Claim Adjustment
Dental RCM Glossary
A contractual reduction applied to a dental claim when the billed fee exceeds the payer's allowed amount under the provider agreement.
A claim adjustment is the difference between a dental provider's billed fee and the amount the insurance company allows under the contracted fee schedule. When an in-network provider submits a claim with charges that exceed the negotiated rate, the payer processes the claim at the allowed amount and the excess is classified as a contractual adjustment. This adjusted amount cannot be collected from the patient and must be written off by the practice as a condition of network participation. Claim adjustments are a standard component of every insurance payment transaction for in-network providers and are documented on the Explanation of Benefits or Electronic Remittance Advice.
Claim adjustments exist because dental practices typically maintain a single fee schedule set at or above the highest payer's allowed amount, ensuring they receive the maximum reimbursement from every carrier. Since each insurance company negotiates different rates, the gap between the practice's standard fee and each payer's allowed amount varies, producing different adjustment amounts across plans. A practice might write off 15 percent of its billed charges on one PPO contract but 40 percent on another for the same procedure. These variations make it essential to analyze adjustments at the payer and procedure code level rather than in aggregate.
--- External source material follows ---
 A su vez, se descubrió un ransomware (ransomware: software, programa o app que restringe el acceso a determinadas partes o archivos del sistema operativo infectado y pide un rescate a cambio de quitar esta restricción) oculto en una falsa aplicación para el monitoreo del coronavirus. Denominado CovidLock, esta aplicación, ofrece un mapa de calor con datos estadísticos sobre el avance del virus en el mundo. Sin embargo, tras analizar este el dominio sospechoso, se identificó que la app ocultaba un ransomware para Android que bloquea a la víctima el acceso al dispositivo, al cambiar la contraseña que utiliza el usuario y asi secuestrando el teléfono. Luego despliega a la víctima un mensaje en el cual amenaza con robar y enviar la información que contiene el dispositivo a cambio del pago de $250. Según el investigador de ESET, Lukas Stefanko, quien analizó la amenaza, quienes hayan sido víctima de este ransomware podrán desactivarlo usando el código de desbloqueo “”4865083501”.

Monitoring claim adjustments is a core financial management function for dental practices and DSOs. Adjustment data provides direct visibility into the effective reimbursement rate for each insurance contract, enabling practice administrators to evaluate network profitability and make data-driven decisions about contract renewals or terminations. When adjustment ratios on a particular plan consistently exceed acceptable thresholds, the practice can use this data to support fee schedule renegotiations with the carrier or to evaluate whether leaving the network would be more financially advantageous.
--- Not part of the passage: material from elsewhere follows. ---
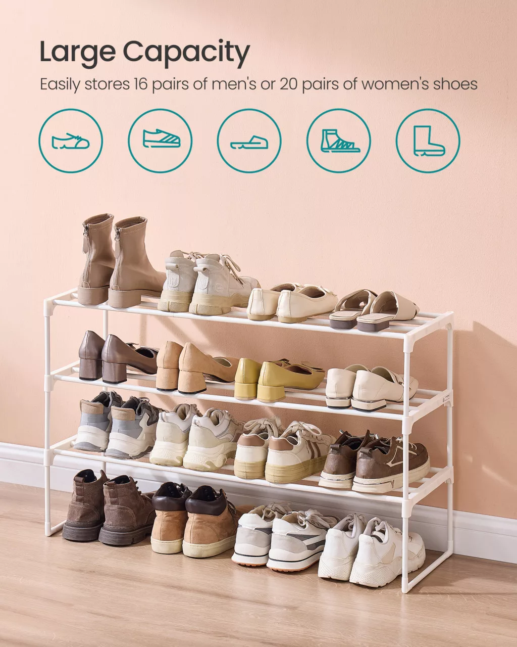 • Akár 20 pár cipő tárolása: A három tágas polc elegendő helyet biztosít a teljes cipőgyűjtemény rendezett tárolásához, beleértve a magasabb szárú bokacsizmákat is

Why It Matters for Dental Practices
Tracking adjustment ratios by payer reveals the true cost of network participation. High adjustment percentages on specific plans may indicate that those contracts are financially unviable and should be renegotiated or dropped.
Example
A dentist bills $1,200 for a crown (D2740), but the PPO allowed amount is $900. The $300 difference is posted as a contractual adjustment. Across 40 crowns per month, this single code generates $12,000 in monthly adjustments.